Et si vous regardiez les choses sous un angle différent ?

“Une croyance n’est pas une idée que l’esprit possèdec’est une idée qui possède l’esprit Robert Oxton Bolt

On ne croit pas ce que l’on voit, on croit ce que l’on interprète de ce que l’on voit, en fonction des opinions et des stéréotypes que l’on partage.

Penser et croire se confondent sans cesse.
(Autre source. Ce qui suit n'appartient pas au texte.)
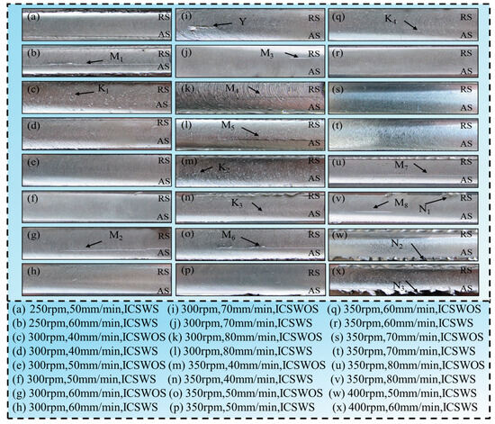 Different process parameters have a significant impact on the surface morphology of T-joints, and inappropriate heat input can lead to deteriorated joint performance. When the heat input is too low, the plasticization of materials is insufficient, and it cannot flow adequately. When the heat input is too high, the material is excessively plasticized, resulting in the formation of a large number of flashes on the weld seam surface [33]. Figure 5a–x, respectively, show the surface morphology of joint welds obtained under conditions of w = 250 rpm, w = 300 rpm, w = 350 rpm, and w = 400 rpm, with their defect types listed in Table 4. For convenience of description, K, M, Y, and N represent roughness, groove, channel, and flash defects, respectively, with subscripts indicating inconsistencies in the severity of joint weld defects. From Figure 5, it can be observed that the surface morphology of welds in Figure 5d,f,h,j,l,n,p,r,t is significantly better than the corresponding Figure 5c,e,g,i,k,m,o,q,s, respectively. This phenomenon demonstrates that welds produced using the ICSWS structure exhibit fewer defects than those created with the ICSWOS structure. This improvement stems from the shoulder’ s enhanced heat generation, which arises from dual thermal mechanisms: frictional heating and plastic deformation heat. According to the frictional heat formula:
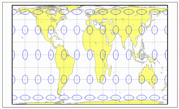 Для цилиндрических выступов задана только одна стандартная параллель. Другая стандартная параллель - та же широта с противоположным знаком. Для этой проекции стандартная параллель по определению зафиксирована на уровне 45 °.
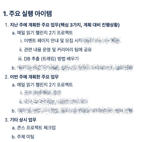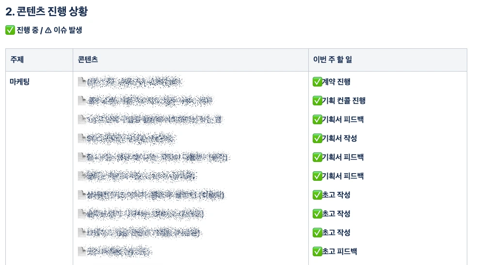 이 문서는 나의 매니저가(또는 나의 팀원들이) 이번 주에 무슨 일에 집중하는지 체크하고 서로 싱크를 맞추기 위한 목적으로 작성하는 문서인데요. 저의 경우 이번 주에 어떤 프로젝트(콘텐츠)들이 동시에 돌아가고 있는지, 그중 어떤 것에 가장 시간을 많이 써야 하는지 점검하는 용도로도 작성하고 있어요. 대략 이런 모양입니다.
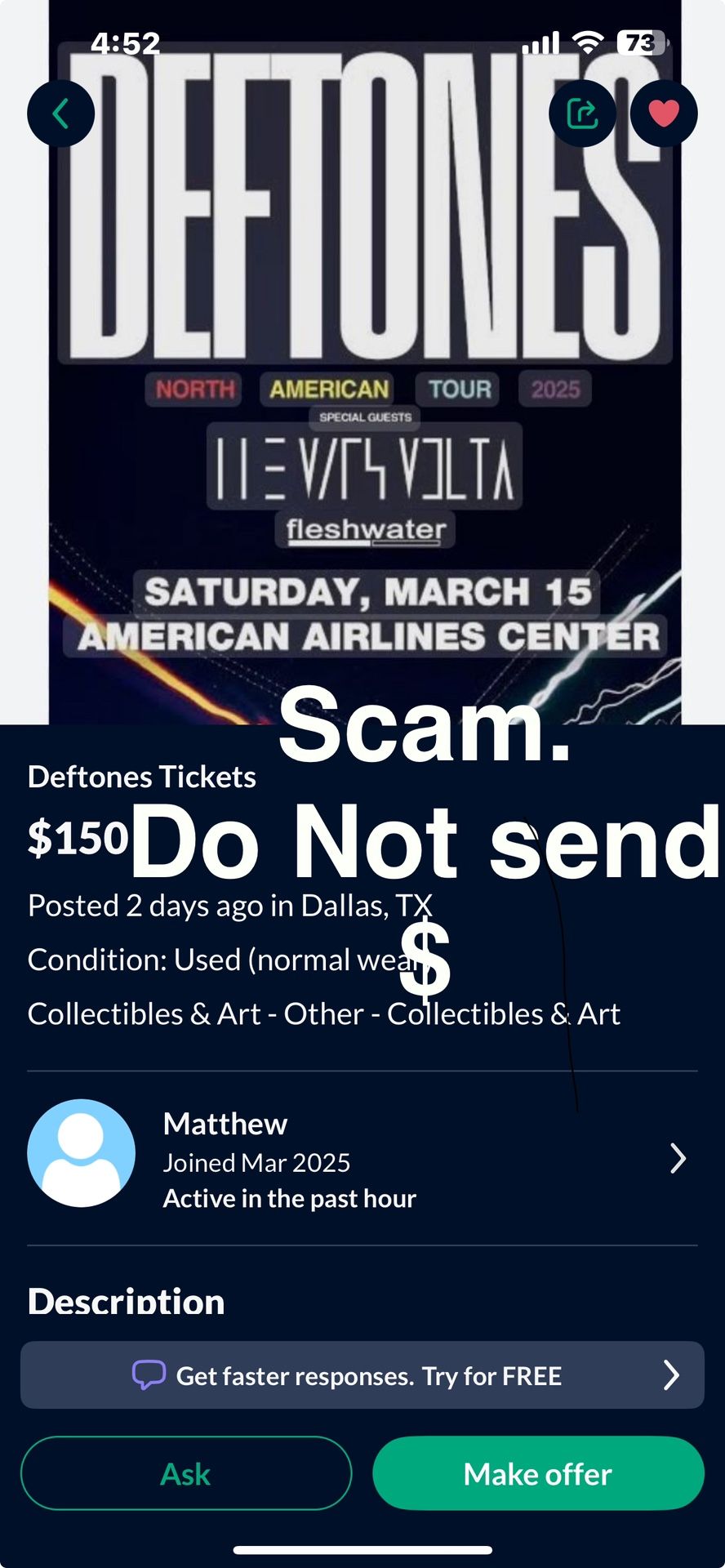Do not buy from Matthew. From LA. For $150 posting It’s a scam. 610 area code if the ask for apply pay or Zelle Also another posting with the same pic. I wouldn’t send $ to that one also.
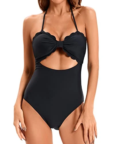 Be beach ready with our Cutout Halter Sexy Scalloped One Piece Swimsuit, featuring a youthful cutout and scalloped design for a cute and sexy look.
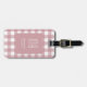 Elegant Dusty Pink Gingham Monogram Luggage Tag.

À moins de vouloir tromper, ce que l’on pense suppose déjà croyance.

C’est l’autre qui proteste : « Tu ne peux pas penser ça ! » ou « tu ne peux pas croire ce que tu dis ! »

On pense en effet à l’intérieur d’un système de représentations que l’on remet rarement en question à moins d’une démarche spécialement et volontairement critique.
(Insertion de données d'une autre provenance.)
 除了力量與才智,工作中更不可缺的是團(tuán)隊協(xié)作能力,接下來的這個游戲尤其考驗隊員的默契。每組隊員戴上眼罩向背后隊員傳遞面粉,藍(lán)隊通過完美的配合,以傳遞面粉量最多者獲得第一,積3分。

Non seulement « je pense donc je suis », mais « je pense donc je crois ».

Il se dit aussi bien « je pense que », que « je crois que », ce sont deux affirmations de soi équivalentes.

La croyance est donc le fait de tenir une chose pour vraie ou vraisemblable, d’accorder du crédit à une idée, de donner créance ou d’ajouter foi à un récit », selon le Dictionnaire international de psychanalyse.

Freud se définissait comme incroyant et ne cachait pas son athéisme.

Cette position, extérieure à toute vérité non démontrée, lui fait apparaître la croyance comme « une anomalie exigeant une explication ». 

On peut donc la considérer comme le degré minimal du savoir, parent pauvre de la connaissance scientifique par sa subjectivité, sa proximité avec l’opinion du plus grand nombre.

Elle est, dans un premier temps, une affirmation au caractère incertain car non étayée scientifiquement, proche d’une supposition au caractère subjectif.

La croyance ne serait qu’une approximation de vérité par sa dimension individuelle, opposée au caractère universel de la raison. Toute croyance impose notre confrontation avec l’épreuve de réalité. 

Epictète disait : « Ce ne sont pas les événements qui perturbent l’homme mais sa façon de les interpréter. »

La croyance flirte parfois avec la pathologie.

En faisant fi de la réalité, elle peut frôler une vision délirante du monde, expérience qui traverse tous les degrés, de la crédulité à l’adhésion, jusqu’à la superstition ou même la conviction délirante.

Tout délire est fondé sur une croyance qui lance un défi au réel. On peut croire à l’Immaculée Conception, au diable ou encore à l’existence des petits hommes verts et certains n’ont guère besoin de preuves pour étayer leur croyance.

Cette dernière donne un contenu figuré à des angoisses indéfinissables pouvant aller jusqu’à la certitude paranoïaque.